■ **What is required**
When you restate the data, keep every word as it is and drop the images.

[[ Provided data, beginning ]]

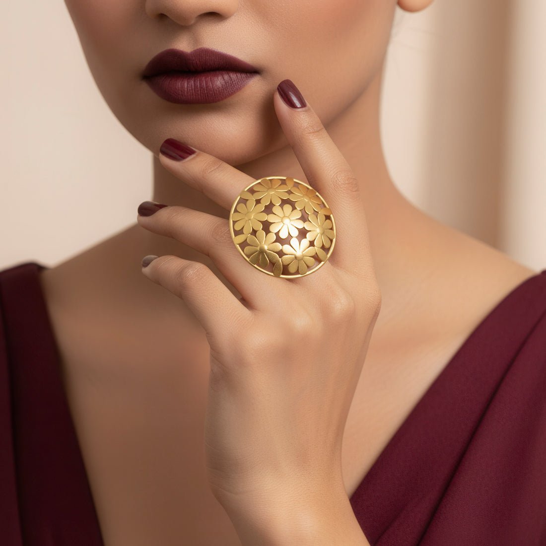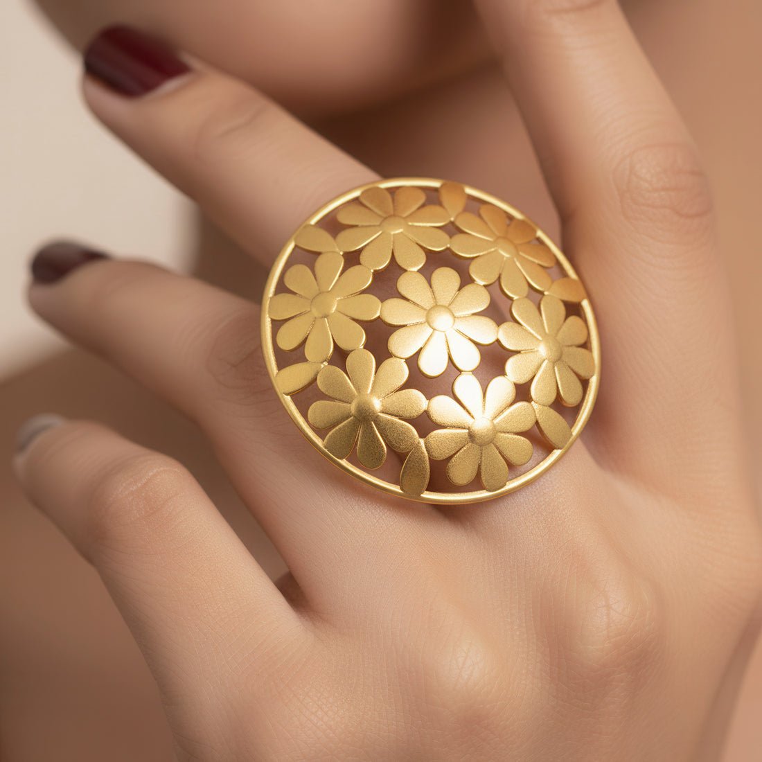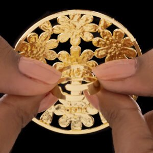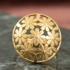 With its elaborate floral decoration, this statement ring with a large cutout flower pattern is a striking display of craftsmanship and elegance. The cutout petals, which are crafted with a lovely openwork design, produce a distinctive pattern that is both contemporary and classic. For people who enjoy making a statement with their style, its large design makes it a great focal item. The ring is lightweight and comfortable to wear despite its striking appearance, guaranteeing comfort all day or night. This ring adds sophistication and appeal whether it is worn with formal wear for a striking accent or casually to add flair. It is an adaptable addition to any jewelry collection since it represents elegance and inherent beauty.
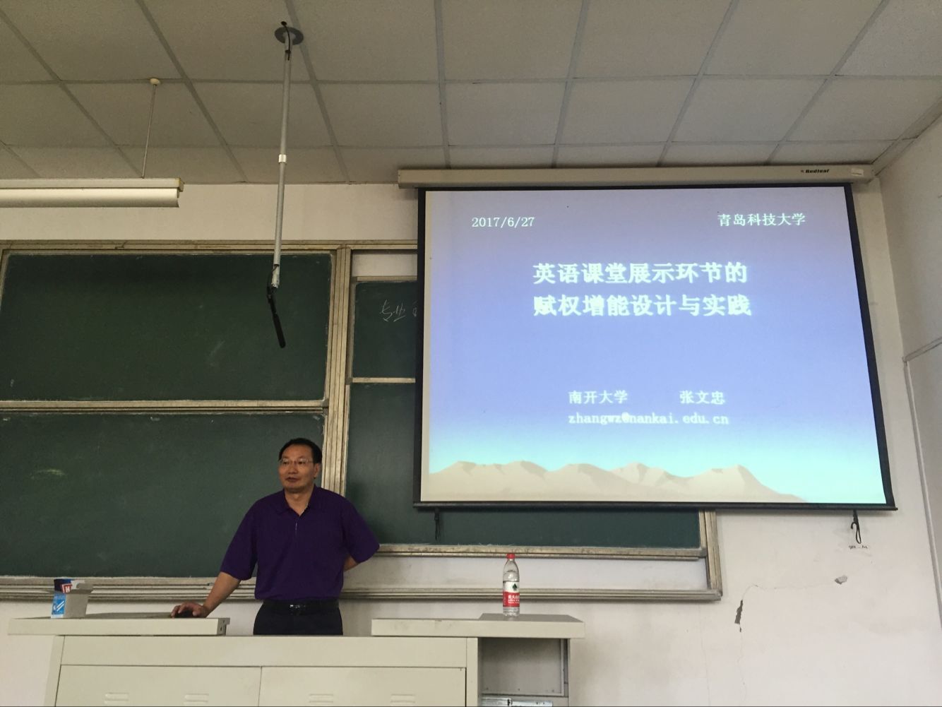 6月27日下午,南开大学博士生导师张文忠教授应邀来我校为350vip8888新葡的京集团全体教师作了题为《英语课堂展示环节的赋权增能设计》的学术报告。
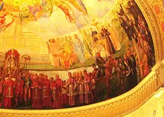A particularly well-known fresco depicts Benito Mussolini on a horse; painted before World War II, it commemorates his signing of the Lateran Accords.
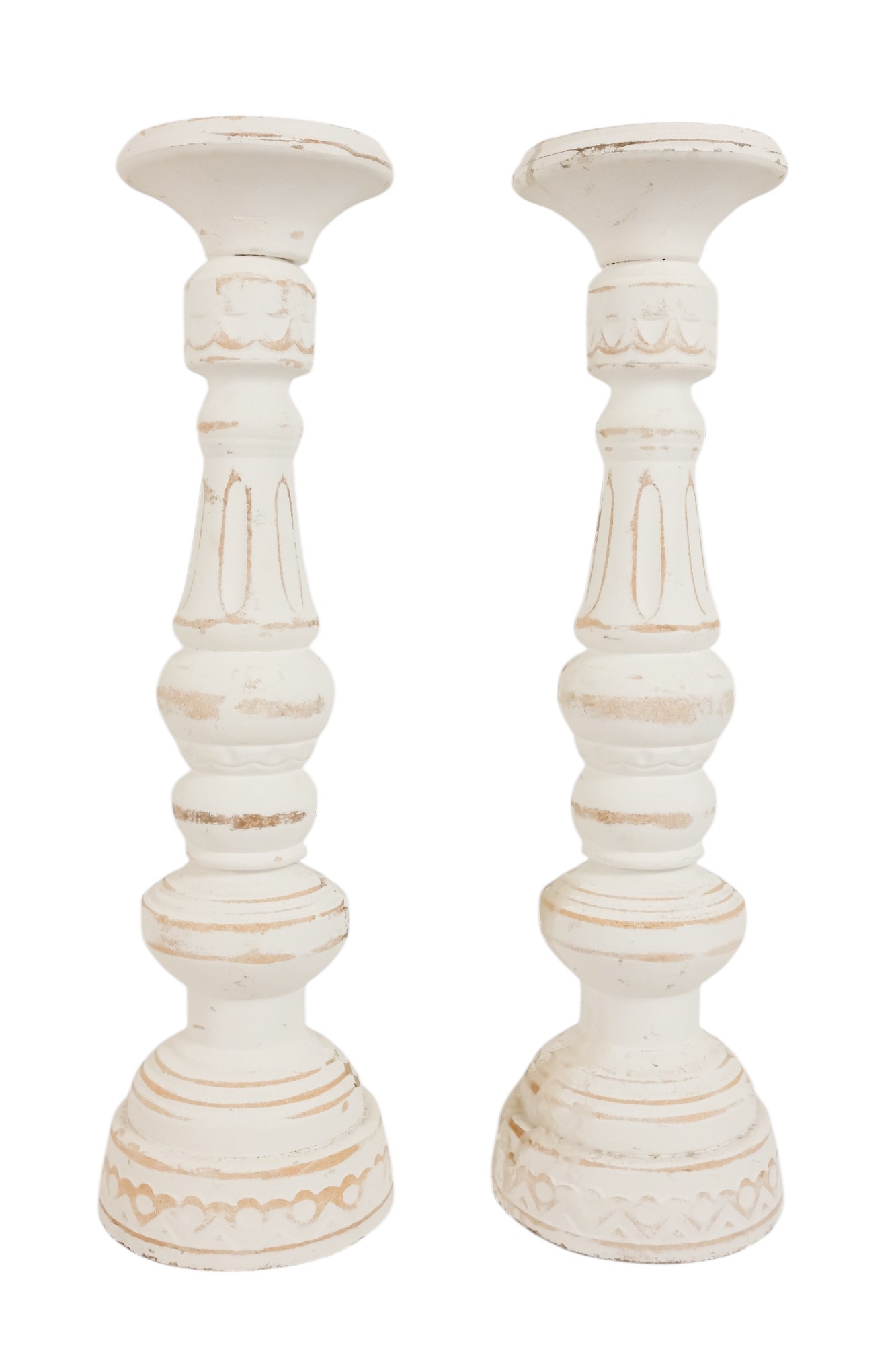 A pair of contemporary church style candlesticks - of baluster form and painted white, 44cm high. (2)

[[ Provided data, end ]]

■ **Answer space**
 With its elaborate floral decoration, this statement ring with a large cutout flower pattern is a striking display of craftsmanship and elegance. The cutout petals, which are crafted with a lovely openwork design, produce a distinctive pattern that is both contemporary and classic. For people who enjoy making a statement with their style, its large design makes it a great focal item. The ring is lightweight and comfortable to wear despite its striking appearance, guaranteeing comfort all day or night. This ring adds sophistication and appeal whether it is worn with formal wear for a striking accent or casually to add flair. It is an adaptable addition to any jewelry collection since it represents elegance and inherent beauty.
 6月27日下午,南开大学博士生导师张文忠教授应邀来我校为350vip8888新葡的京集团全体教师作了题为《英语课堂展示环节的赋权增能设计》的学术报告。
A particularly well-known fresco depicts Benito Mussolini on a horse; painted before World War II, it commemorates his signing of the Lateran Accords.
 A pair of contemporary church style candlesticks - of baluster form and painted white, 44cm high. (2)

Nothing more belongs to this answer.